Below are some records; output all of them exactly.

DATA FOR THE TASK:
———

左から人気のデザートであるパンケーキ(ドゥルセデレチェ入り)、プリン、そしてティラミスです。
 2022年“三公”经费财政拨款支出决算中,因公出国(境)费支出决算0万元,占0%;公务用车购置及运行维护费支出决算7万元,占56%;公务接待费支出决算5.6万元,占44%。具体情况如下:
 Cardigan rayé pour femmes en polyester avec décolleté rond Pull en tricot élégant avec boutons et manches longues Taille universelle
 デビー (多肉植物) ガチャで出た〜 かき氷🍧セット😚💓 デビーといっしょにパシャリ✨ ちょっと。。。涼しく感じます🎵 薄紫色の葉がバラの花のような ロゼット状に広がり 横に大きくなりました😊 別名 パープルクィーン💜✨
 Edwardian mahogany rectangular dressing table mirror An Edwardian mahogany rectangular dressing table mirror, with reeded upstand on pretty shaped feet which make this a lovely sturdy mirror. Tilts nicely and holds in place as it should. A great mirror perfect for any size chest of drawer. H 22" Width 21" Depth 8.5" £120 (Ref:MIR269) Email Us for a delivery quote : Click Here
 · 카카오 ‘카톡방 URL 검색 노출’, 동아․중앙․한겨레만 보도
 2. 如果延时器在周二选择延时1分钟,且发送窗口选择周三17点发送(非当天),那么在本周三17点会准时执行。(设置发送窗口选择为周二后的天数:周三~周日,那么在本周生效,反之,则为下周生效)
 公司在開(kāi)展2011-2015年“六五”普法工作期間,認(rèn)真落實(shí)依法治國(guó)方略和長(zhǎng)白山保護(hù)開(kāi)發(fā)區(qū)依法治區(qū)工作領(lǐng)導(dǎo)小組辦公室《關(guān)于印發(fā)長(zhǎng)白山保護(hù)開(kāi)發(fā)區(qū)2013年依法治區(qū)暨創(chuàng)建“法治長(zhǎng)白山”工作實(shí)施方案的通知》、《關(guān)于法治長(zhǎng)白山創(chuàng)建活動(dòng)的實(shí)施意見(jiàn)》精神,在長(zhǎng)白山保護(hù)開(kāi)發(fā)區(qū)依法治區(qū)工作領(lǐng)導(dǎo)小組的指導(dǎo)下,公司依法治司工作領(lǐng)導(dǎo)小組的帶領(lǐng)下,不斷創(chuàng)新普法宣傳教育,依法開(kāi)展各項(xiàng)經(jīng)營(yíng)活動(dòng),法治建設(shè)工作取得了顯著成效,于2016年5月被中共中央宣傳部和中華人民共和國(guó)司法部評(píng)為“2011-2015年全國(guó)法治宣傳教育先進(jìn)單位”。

———

WRITTEN ANSWER:
左から人気のデザートであるパンケーキ(ドゥルセデレチェ入り)、プリン、そしてティラミスです。
 2022年“三公”经费财政拨款支出决算中,因公出国(境)费支出决算0万元,占0%;公务用车购置及运行维护费支出决算7万元,占56%;公务接待费支出决算5.6万元,占44%。具体情况如下:
 Cardigan rayé pour femmes en polyester avec décolleté rond Pull en tricot élégant avec boutons et manches longues Taille universelle
 デビー (多肉植物) ガチャで出た〜 かき氷🍧セット😚💓 デビーといっしょにパシャリ✨ ちょっと。。。涼しく感じます🎵 薄紫色の葉がバラの花のような ロゼット状に広がり 横に大きくなりました😊 別名 パープルクィーン💜✨
 Edwardian mahogany rectangular dressing table mirror An Edwardian mahogany rectangular dressing table mirror, with reeded upstand on pretty shaped feet which make this a lovely sturdy mirror. Tilts nicely and holds in place as it should. A great mirror perfect for any size chest of drawer. H 22" Width 21" Depth 8.5" £120 (Ref:MIR269) Email Us for a delivery quote : Click Here
 · 카카오 ‘카톡방 URL 검색 노출’, 동아․중앙․한겨레만 보도
 2. 如果延时器在周二选择延时1分钟,且发送窗口选择周三17点发送(非当天),那么在本周三17点会准时执行。(设置发送窗口选择为周二后的天数:周三~周日,那么在本周生效,反之,则为下周生效)
 公司在開(kāi)展2011-2015年“六五”普法工作期間,認(rèn)真落實(shí)依法治國(guó)方略和長(zhǎng)白山保護(hù)開(kāi)發(fā)區(qū)依法治區(qū)工作領(lǐng)導(dǎo)小組辦公室《關(guān)于印發(fā)長(zhǎng)白山保護(hù)開(kāi)發(fā)區(qū)2013年依法治區(qū)暨創(chuàng)建“法治長(zhǎng)白山”工作實(shí)施方案的通知》、《關(guān)于法治長(zhǎng)白山創(chuàng)建活動(dòng)的實(shí)施意見(jiàn)》精神,在長(zhǎng)白山保護(hù)開(kāi)發(fā)區(qū)依法治區(qū)工作領(lǐng)導(dǎo)小組的指導(dǎo)下,公司依法治司工作領(lǐng)導(dǎo)小組的帶領(lǐng)下,不斷創(chuàng)新普法宣傳教育,依法開(kāi)展各項(xiàng)經(jīng)營(yíng)活動(dòng),法治建設(shè)工作取得了顯著成效,于2016年5月被中共中央宣傳部和中華人民共和國(guó)司法部評(píng)為“2011-2015年全國(guó)法治宣傳教育先進(jìn)單位”。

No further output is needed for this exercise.